The Pythagorean school founded by Pythagoras (580-495 BC) in Magna Graecia constitutes a brotherhood that is both scientific and religious: Pythagoreanism is indeed based on an initiation and offers its followers a way of ethics and food life, as well as scientific research on the cosmos. Although the term of philosophical school is disputed and that one generally prefers to speak of sect for Pythagoreanism, this religious, political and philosophical association lasted nine or ten generations, and enjoyed a very great notoriety as well in the Greek and Roman antiquity. Its members adopted the term studies, in Greek μαθήματα / mathemata, to designate the multiple branches of knowledge that constituted their particular science: they explored the science of numbers, the bases of acoustics and musical theory, the elements of geometry, star movement and cosmology, while adhering to the doctrine of the Orphic religion on the transmigration of souls.
Pythagoreanism and the legend that has formed around it are not without obscurities and controversial subjects. By distinguishing between “those called Pythagoreans” and Pythagoras himself, Aristotle avoids pronouncing on the exact links between their thought and that of the philosopher; the later tradition, ignoring this distinction, undoubtedly favored the production of a large number of pseudepigraphic texts attributed to Pythagoras or to the ancient Pythagoreans. It was not until the 3rd century AD that the first presentations relating to the Pythagorean way of life appeared.

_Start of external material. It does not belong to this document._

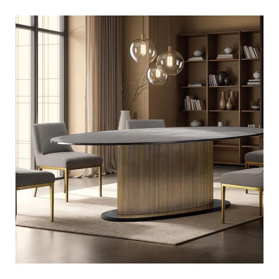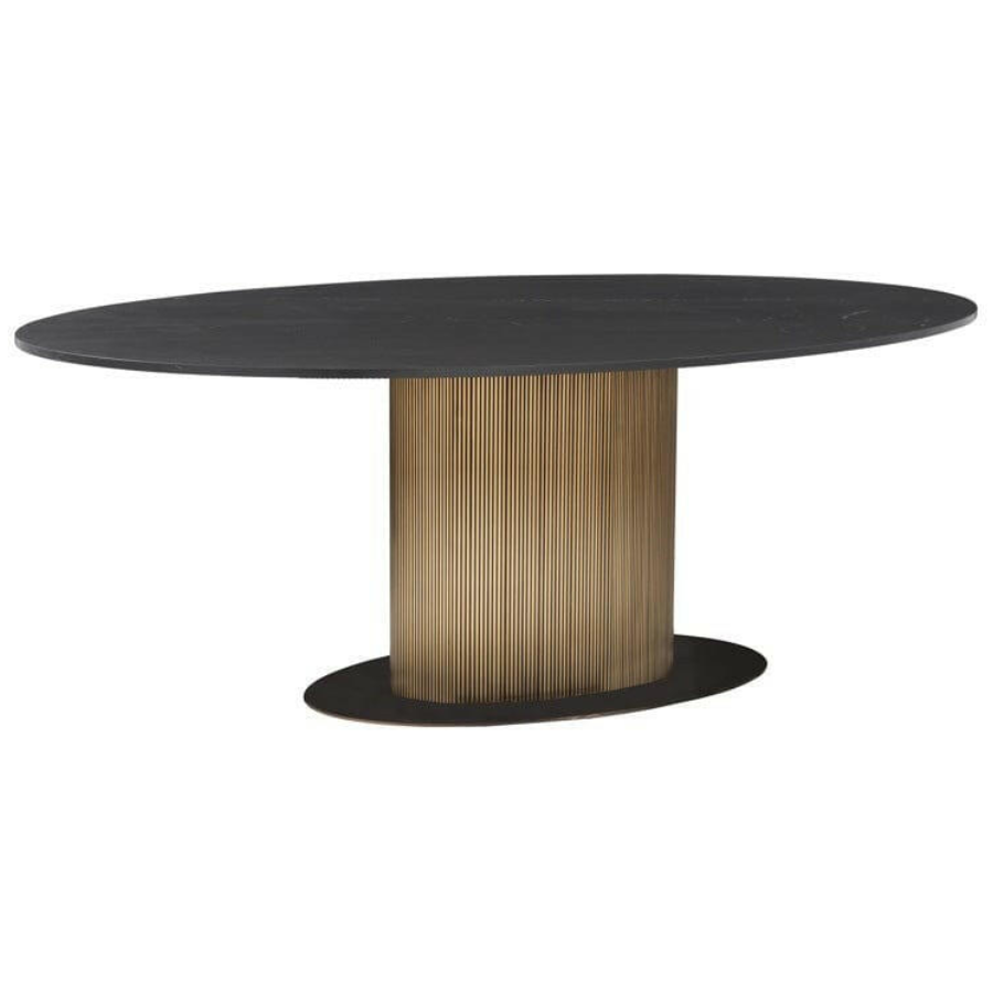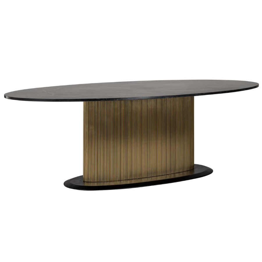 The elegant Ironville dining table features a black marble top, making each piece unique.

After the death of Pythagoras, the school was run by his wife, the mathematician Théano.
(In Raphael’s fresco The School of Athens, Pythagoras is shown writing in a book as a young man presents him with a tablet showing a diagrammatic representation of a lyre above a drawing of the sacred tetractys.)
According to Plato’s testimony in the Republic, Pythagoras would have been an influential and beloved master, founder of a lifestyle capable of guaranteeing a happy destiny of the soul in the hereafter. We can glimpse his teaching through the Pythagorean maxims cited by Aristotle and largely transmitted by Jamblique; they were designated by the terms akousmata (άκούσματα), heard things, and symbola (σύμβολα), passwords or things to be interpreted. According to an indication of Jamblique which would go back to Aristotle, the Pythagorean teaching could thus be divided into two parts: one part for the “acousmaticiens”, (άκουσματικοί), the not yet initiated, and one for the initiated, the “ mathematicians ”. But this distinction could also be the sign of the schism experienced by the Pythagorean communities in crisis, the “acousmaticians” remaining attached to the Orphic teachings, and holding as fundamental the prescriptions and the prohibitions of the brotherhood, while the “mathematicians”, placing the doctrine of number at the center of Pythagoreanism, were oriented towards science, as can be seen for the very lively Pythagoreanism of Taranto and the colonies of Thebes and Phliontus. Teaching was oral; was it secret? Isocrates in his Praise of Busiris reports that the Pythagoreans were famous for their silence, without knowing whether he alludes to their self-control or to a ban on speaking made to neophytes. What is certain is that to all the questions that were put to them, the initiates answered, referring to their Master: “It is so because he said it (in Greek αὺτὸς ἒφα) “. At least part of the doctrine was to remain secret, for example the division of rational animals into three groups, while the philosophical ideas and mathematical demonstrations could be disclosed which were indeed published by Philolaos or Archytas. As for the transmission of knowledge between disciples, it is inseparable from respect for the moral rules of fraternal friendship as a whole: rule of silence, respect for the initiation grade of disciples. The Pythagorean school is thus both a religious and a scientific brotherhood.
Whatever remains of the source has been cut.